Sessionization, or solving the Gaps-and-Islands Problem using conditional_true_event
Sessionization or conventionally Gaps and Islands in Time-series Analysis are terms referring to the same problem of having to reset all parameters of a predictive or retrospective analysis in a time series when the time series has a gap.
Sessionization is the act of turning event-based data into sessions. It is widely used in several domains, such as: Web Analytics and Trip Analytics. Basically given a “user id” or a “machine id”, the question is: how can we recreate sessions? Or more precisely, how do we choose the boundaries of a session?
Whereas, timeseries analysis, usually uses “Gaps and Islands” - if there are no measurements for a relatively extended interval, this causes a “gap”; and a cluster of several measurements, close, time-wise, to each other, causes an “island”.
Figure 1. A session, for example, can be defined by threshold time such as if the next action is in a range of time greater than T=50 , it defines the start of a new session. |
Why do you need sessionization?
Sessionization has many use cases: web traffic patterns, cohort analysis, attribution, etc. Sessions make it easier to group and analyze events and actions users take which helps us understand the customer journey and their interactions with your product. This allows you to optimize your marketing campaigns and user flows to increase conversion rates and bring in more business.
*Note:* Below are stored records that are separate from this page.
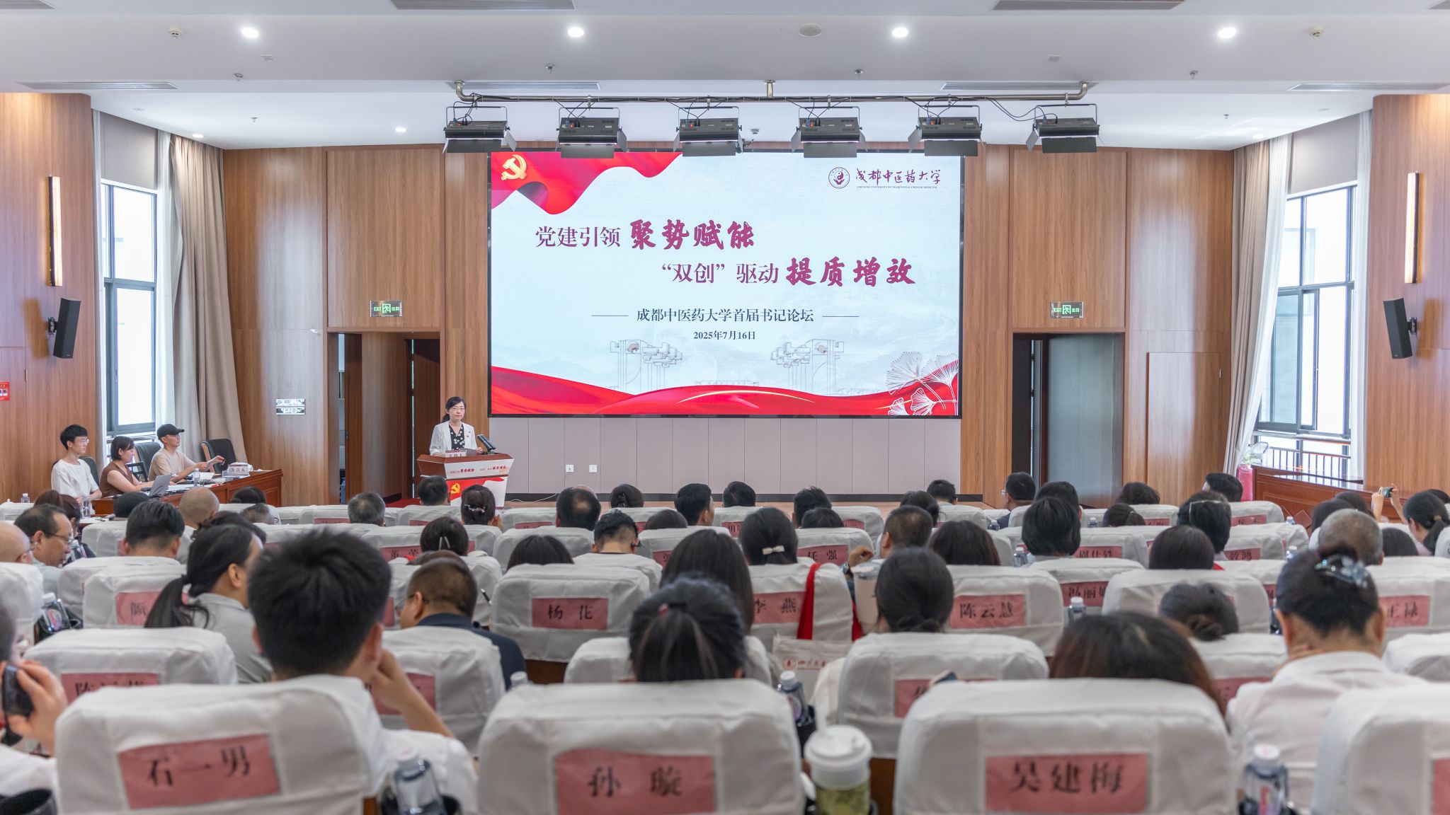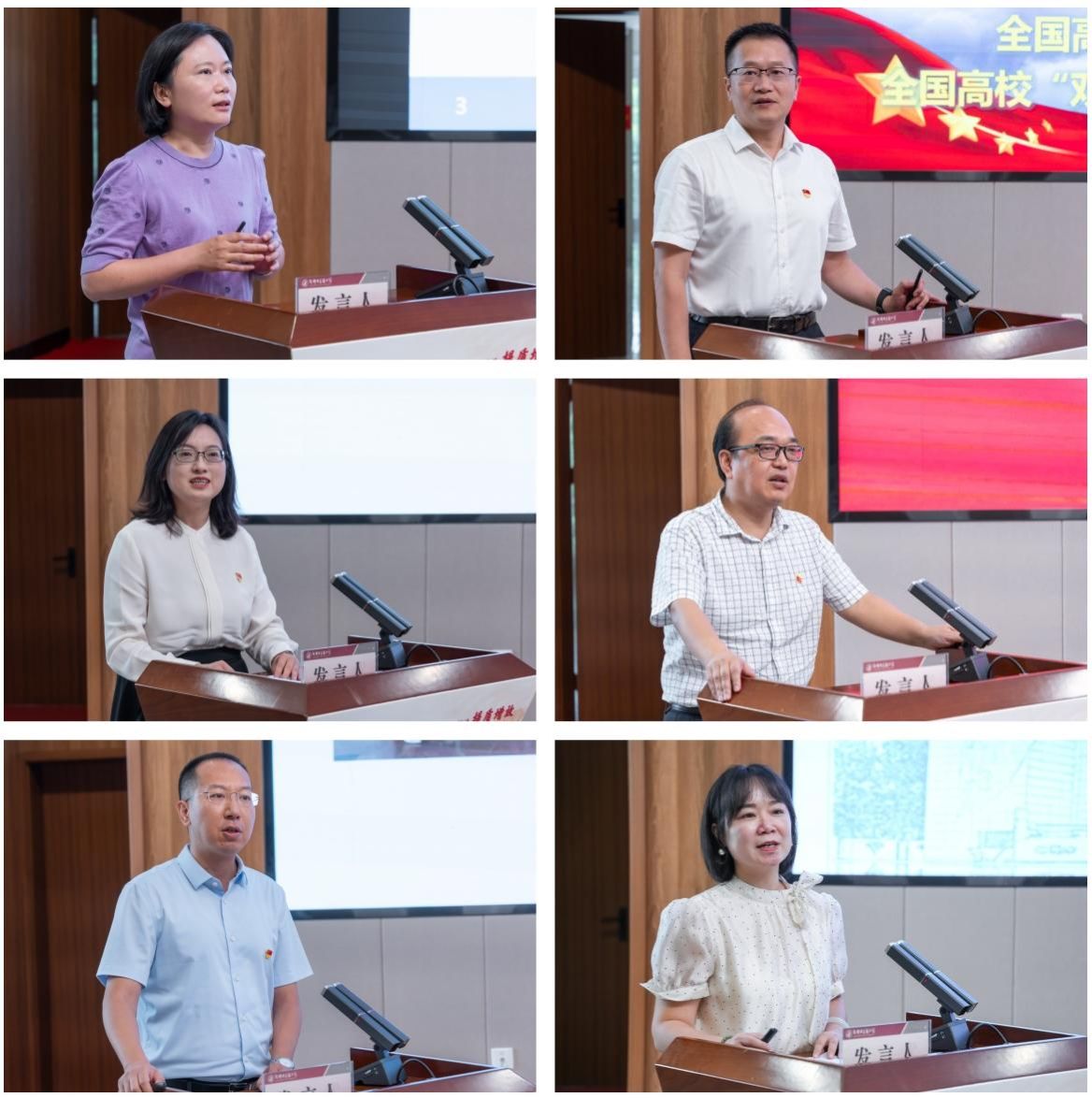 来自校内外6位在党建工作领域具有丰富实践经验的基层党组织书记,结合各自工作实际,围绕党建引领、党建赋能、党建“双创”等分享创新做法和宝贵经验。四川大学华西医院后勤党委书记、党委统战部部长,四川大学华西医院原党委组织部部长姜洁展示了公立医院党建特色品牌建设的创新实践;西南石油大学教学评估处(教师教学发展中心)处长、全国高校“双带头人”教师党支部书记工作室负责人朱红钧分享了“四融三行”“四铸三新”工作法;伟德药学院党委书记、全国党建工作标杆院系党组织负责人胡媛书记分享了标杆院系建设经验;伟德附属医院内科第一党总支四支部(急诊党支部)书记,急诊科/急诊教研室主任,全国党建工作样板支部负责人卢云探索了中医药院校附属医院党建工作的生动实践;马克思主义学院教工第一党支部书记、全国党建工作样板支部负责人苏森森介绍了教师党支部“一融双高”新思路;针灸推拿学院博士党支部书记,学生科科长,全国高校“百个研究生样板党支部”负责人张译展现了研究生党建工作新生态。
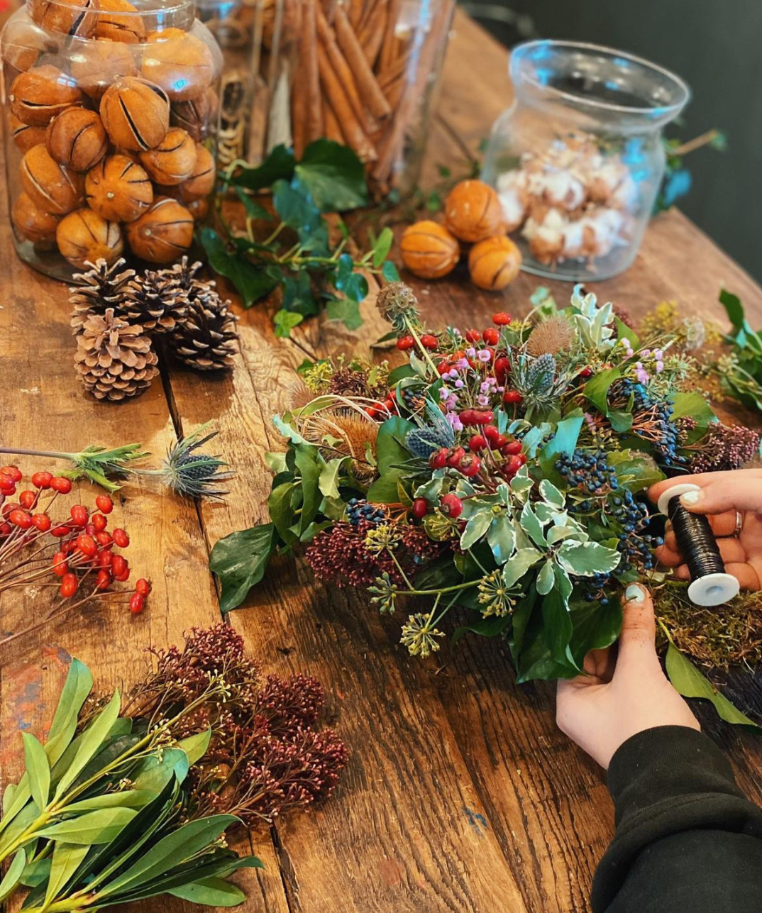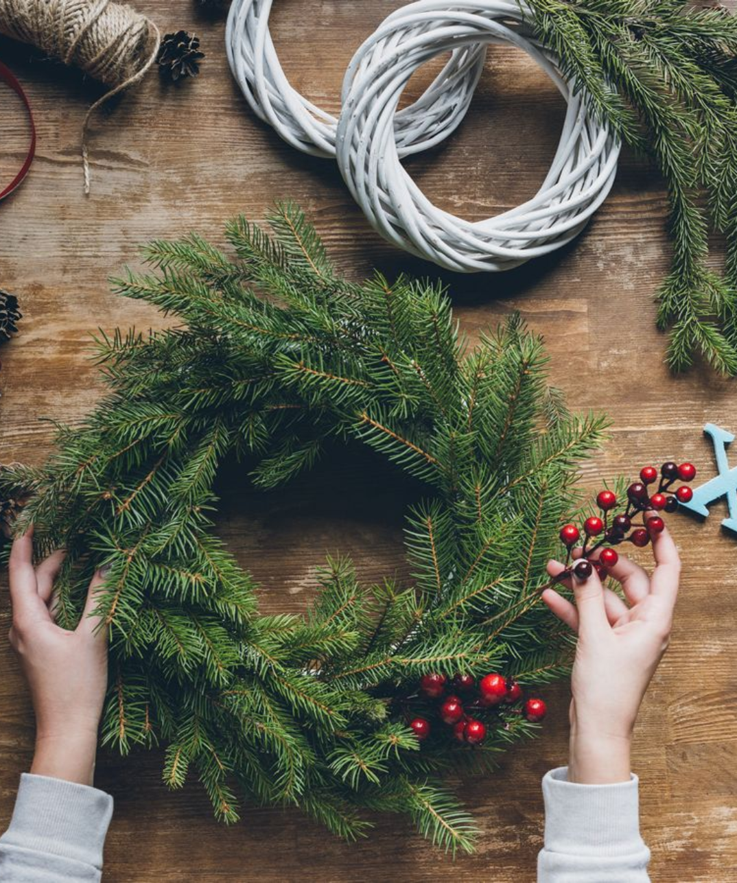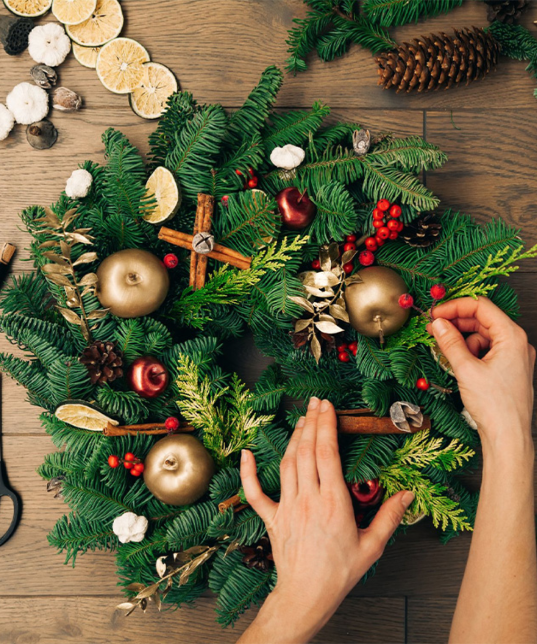 Laboratorio per creare e decorare la ghirlanda natalizia con materiali naturali, fiori essiccati, bacche e altri elementi vegetale.
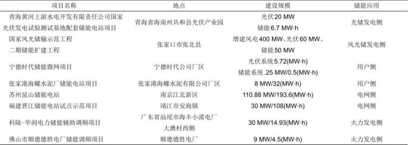 2020年,國家能源局從技術(shù)先進、自主創(chuàng)新、綜合效益等七個維度評選出首批儲能科技創(chuàng)新示范項目,如表3所示。首批示范項目總結(jié)了儲能在不同地域、不同應(yīng)用領(lǐng)域的發(fā)展情況,鼓勵相關(guān)儲能企業(yè)大膽嘗試、大膽實踐,為廣泛推廣儲能在電力系統(tǒng)的應(yīng)用發(fā)揮典型和示范作用,以推動儲能產(chǎn)業(yè)高質(zhì)量發(fā)展。
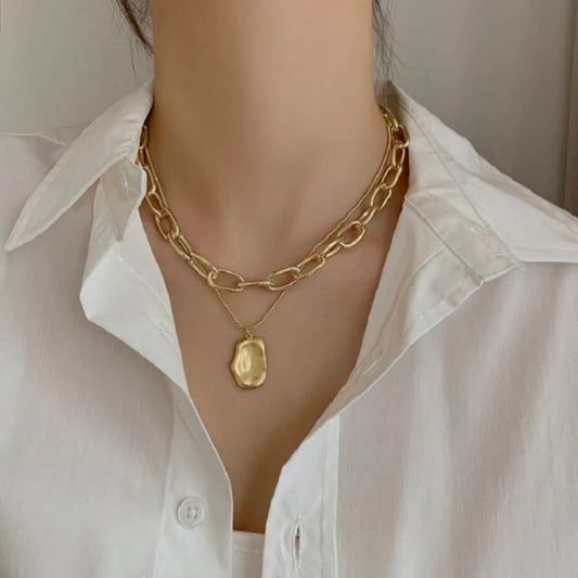 Yu Fashions Hina Khan Inspired 2 layered Geometrical Pendent Link Chain Necklace
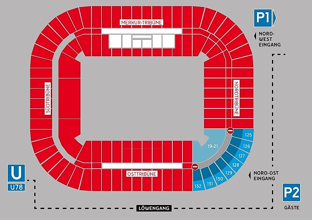 - Der Gästebereich erstreckt sich auf die Blöcke 19-21 (Stehbereich) und die Sitzplatz in den Blöcken 125-132.
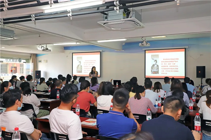 柳州職業(yè)技術(shù)學(xué)院馬克思主義學(xué)院副教授,柳州市黨史國史宣講專家組成員馮新宇老師作《在歌聲中學(xué)黨史》專題講授,通過對(duì)革命音樂作品的歷史背景,創(chuàng)作特色以及歌詞本身的研究,幫助學(xué)員加深對(duì)黨史的了解和理解。

How do you sessionize in SQL?
You can use the CONDITIONAL_TRUE_EVENT function to easily sessionize events in one line of SQL code.
- First, you’ll need to structure your data so there is one row per event.
- Next, you’ll need to get the timestamp of the previous event for each event, partitioned by visitor identifier or username.
- Next, compare the previous timestamp to the current timestamp in order to calculate how much time elapsed between the two events.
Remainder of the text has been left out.